Background Anti-TNF biological therapy has revolutionised management of Ankylosing Spondylitis (AS) however, variability in treatment response within the AS population exists and may possibly be influenced by ethnicity.

Objectives To investigate the effect of ethnicity on treatment response to anti-TNF biologics by analysis of patient disease activity scores of severe AS patients by ethnicity.

Methods Severe AS patients defined by a persistent Bath Ankylosing Spondylitis Disease Activity Index (BASDAI) of >4 and poor response to non-steroidal anti-inflammatory drugs (NSAIDs) were identified retrospectively from an anti-TNF therapy clinic database of patients treated by the Rheumatology Department between 2004 and 2014. Prescribed biologics were Infliximab, Etanercept, Adalimumab, Golimumab and Certolizumab. Patient clinical demographics and baseline BASDAI and spinal pain Visual Analogue Scale (VAS) scores from electronic records were collected pre-biologic treatment initiation and from 12 weeks post treatment follow-up. Data was analysed by non parametric descriptive statistics for changes in disease activity levels and compared by ethnicity. Adequate treatment effect was determined as a follow-up BASDAI score reduction with respect to the baseline of ≥2 units or 50% of the pre-treatment baseline score (BASDAI50) with a reduction of the spinal pain VAS by ≥2 cm. 99 of 256 available electronic records were complete at baseline and follow-up for BASDAI and corresponding VAS scores and were selected for analysis.

Results Overall 59/99 (59.6%) of the 99 selected records achieved an adequate response.

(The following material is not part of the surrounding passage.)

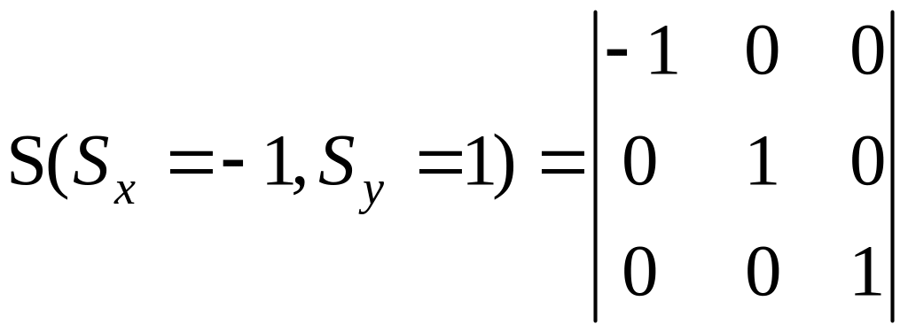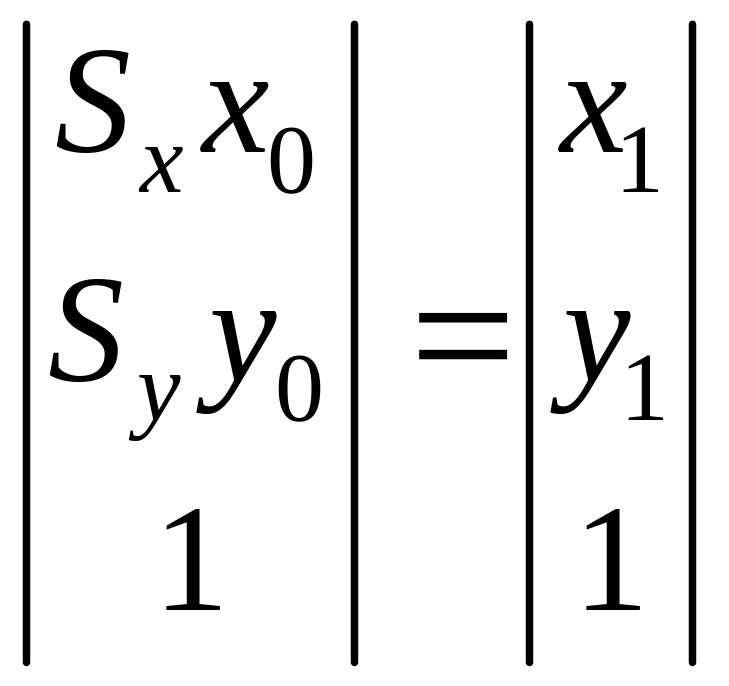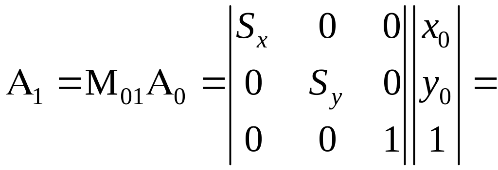 Здесь x – координата точки A0 масштабируется на коэффициент Sx; y – на коэффициент Sy. Рассматриваемую матрицу можно выделить как следующую типовую элементарную матрицу, задающую преобразование масштабирования, и обозначать ее будем S или S(Sx, Sy), т.е.

Interrogation of records by database ethnicity classifications showed the following groups to be present in the data set:

49: Caucasian – English, Scottish, Welsh, Irish, Any Other White Background

44: South Asian – Bangladeshi, Indian, Pakistani

3: Other Asian

1: Other Mixed

2: Other

By ethnicity an adequate response was achieved in:

36/49 (73.5%) of Caucasians,

20/44 (45.5%) of South Asians,

2/3 (66.7%) of the Asian other group,

1/2 (50%) of the Other group and 0/1 (0%) of the other mixed group.

Kruskal-Wallis multiple comparison testing showed statistical differences between baseline and follow-up mean BASDAI scores within Caucasian and South Asian ethnicities (Figure 1). Within the Caucasian group the baseline median=7.28 (IQR 6.3, 8.35), mean=7.31 (CI 6.92–7.70) versus follow-up median=3 (IQR 2, 5.1), mean=3.79 (CI 3.05–4.54). Within the South Asian subgroup the baseline median=7.25 (IQR 6.45, 8.06), mean=7.25 (CI 6.88–7.63) versus follow-up median=4.04 (IQR 2.45, 6.8) mean=4.62 (CI 3.8–5.44), both comparisons P<0.001. No significance was returned for comparisons between all ethnic groups at baseline and all at follow-up. “Other” group data subsets were too small to draw conclusions.

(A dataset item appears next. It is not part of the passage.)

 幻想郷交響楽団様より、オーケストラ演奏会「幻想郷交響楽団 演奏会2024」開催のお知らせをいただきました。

Conclusions Therapy was efficacious in 59.6% of patients analysed. By ethnicity statistically significant BASDAI score improvements were achieved within Caucasian and South Asian populations respectively. Baseline scores between these ethnicities were similar however the patient proportion within each of these groups that achieved an adequate response was higher among Caucasians 73.5% versus 45.5% of South Asians. This preliminary study may suggest as yet undiscovered ethnic influences affecting treatment response that merits further investigation.